TL;DR
The developers have released an open-source project allowing full reproduction of DeepSeek-R1’s AI pipeline. This includes datasets, training scripts, and evaluation tools, marking a significant step in transparency and collaboration in AI research.
Developers have publicly released a fully open reproduction of DeepSeek-R1, including datasets, training scripts, and evaluation tools, allowing the AI research community to replicate and build upon the model’s pipeline.
The project, hosted on a public repository, aims to recreate the entire DeepSeek-R1 pipeline, from data generation and model training to evaluation. It involves scripts for training models with techniques like Supervised Fine-Tuning (SFT) and Group Relative Policy Optimization (GRPO), as well as data generation methods from smaller distilled models and the original DeepSeek-R1.
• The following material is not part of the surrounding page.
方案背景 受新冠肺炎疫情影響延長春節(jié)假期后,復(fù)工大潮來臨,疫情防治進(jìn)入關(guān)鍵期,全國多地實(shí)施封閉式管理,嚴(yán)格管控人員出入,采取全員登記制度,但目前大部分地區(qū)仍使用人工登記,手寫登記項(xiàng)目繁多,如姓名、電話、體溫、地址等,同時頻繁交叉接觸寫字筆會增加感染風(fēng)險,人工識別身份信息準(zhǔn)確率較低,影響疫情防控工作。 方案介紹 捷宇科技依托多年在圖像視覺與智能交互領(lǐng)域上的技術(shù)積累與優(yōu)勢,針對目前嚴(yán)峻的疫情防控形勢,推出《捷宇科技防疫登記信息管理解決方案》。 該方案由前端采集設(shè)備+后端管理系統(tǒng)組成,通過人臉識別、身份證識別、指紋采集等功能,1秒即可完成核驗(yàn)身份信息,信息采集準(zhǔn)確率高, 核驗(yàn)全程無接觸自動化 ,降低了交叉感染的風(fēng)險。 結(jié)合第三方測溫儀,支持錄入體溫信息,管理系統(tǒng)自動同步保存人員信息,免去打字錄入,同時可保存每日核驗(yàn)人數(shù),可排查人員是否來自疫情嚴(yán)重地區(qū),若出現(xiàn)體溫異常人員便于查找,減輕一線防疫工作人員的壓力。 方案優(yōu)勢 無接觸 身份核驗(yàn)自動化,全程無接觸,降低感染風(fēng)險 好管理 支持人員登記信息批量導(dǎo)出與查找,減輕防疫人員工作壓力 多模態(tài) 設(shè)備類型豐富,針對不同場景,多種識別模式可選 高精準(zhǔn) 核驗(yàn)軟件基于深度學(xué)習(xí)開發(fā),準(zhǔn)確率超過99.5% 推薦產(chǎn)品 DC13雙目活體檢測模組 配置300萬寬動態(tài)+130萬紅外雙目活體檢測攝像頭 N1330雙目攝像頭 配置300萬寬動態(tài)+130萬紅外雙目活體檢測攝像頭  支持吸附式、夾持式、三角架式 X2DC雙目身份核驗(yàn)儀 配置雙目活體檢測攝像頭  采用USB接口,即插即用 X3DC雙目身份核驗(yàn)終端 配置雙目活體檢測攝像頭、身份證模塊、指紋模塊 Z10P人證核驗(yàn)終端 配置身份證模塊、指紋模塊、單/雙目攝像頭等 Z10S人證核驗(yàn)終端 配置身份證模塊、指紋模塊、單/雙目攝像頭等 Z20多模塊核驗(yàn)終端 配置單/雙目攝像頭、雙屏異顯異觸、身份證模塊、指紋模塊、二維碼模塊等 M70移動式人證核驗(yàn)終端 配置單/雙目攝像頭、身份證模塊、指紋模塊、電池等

As of May 26, 2025, the team announced the completion of the first step: the release of Mixture-of-Thoughts, a reasoning dataset of 350,000 verified traces spanning mathematics, coding, and science tasks. This dataset is designed to facilitate reasoning capabilities in language models and is a core component for reproducing DeepSeek-R1’s reasoning performance.
The project also includes datasets like CodeForces-CoTs and IOI24, which enable training models that outperform some existing systems on competitive programming and reasoning benchmarks. The repository provides detailed instructions for installation, environment setup, and training, supporting large-scale models on high-performance hardware such as H100 GPUs.
While the repository offers comprehensive scripts and datasets, some aspects, such as the exact training procedures used in DeepSeek-R1’s original pipeline, remain partially inferred from the published reports. The developers emphasize that the project is a work in progress, encouraging community contributions to refine and extend the reproduction efforts.
Implications for AI Transparency and Collaboration
This open release marks a significant step toward transparency in large language model development, allowing researchers to verify, reproduce, and improve upon DeepSeek-R1’s architecture and training methods. It democratizes access to advanced AI training pipelines, potentially accelerating innovation and reducing duplication of effort across the community.
By sharing datasets, code, and training protocols, the project fosters collaborative research, enabling more rigorous benchmarking and fostering improvements in reasoning, coding, and scientific AI applications. It also sets a precedent for open science in AI, encouraging other organizations to share their models and methodologies.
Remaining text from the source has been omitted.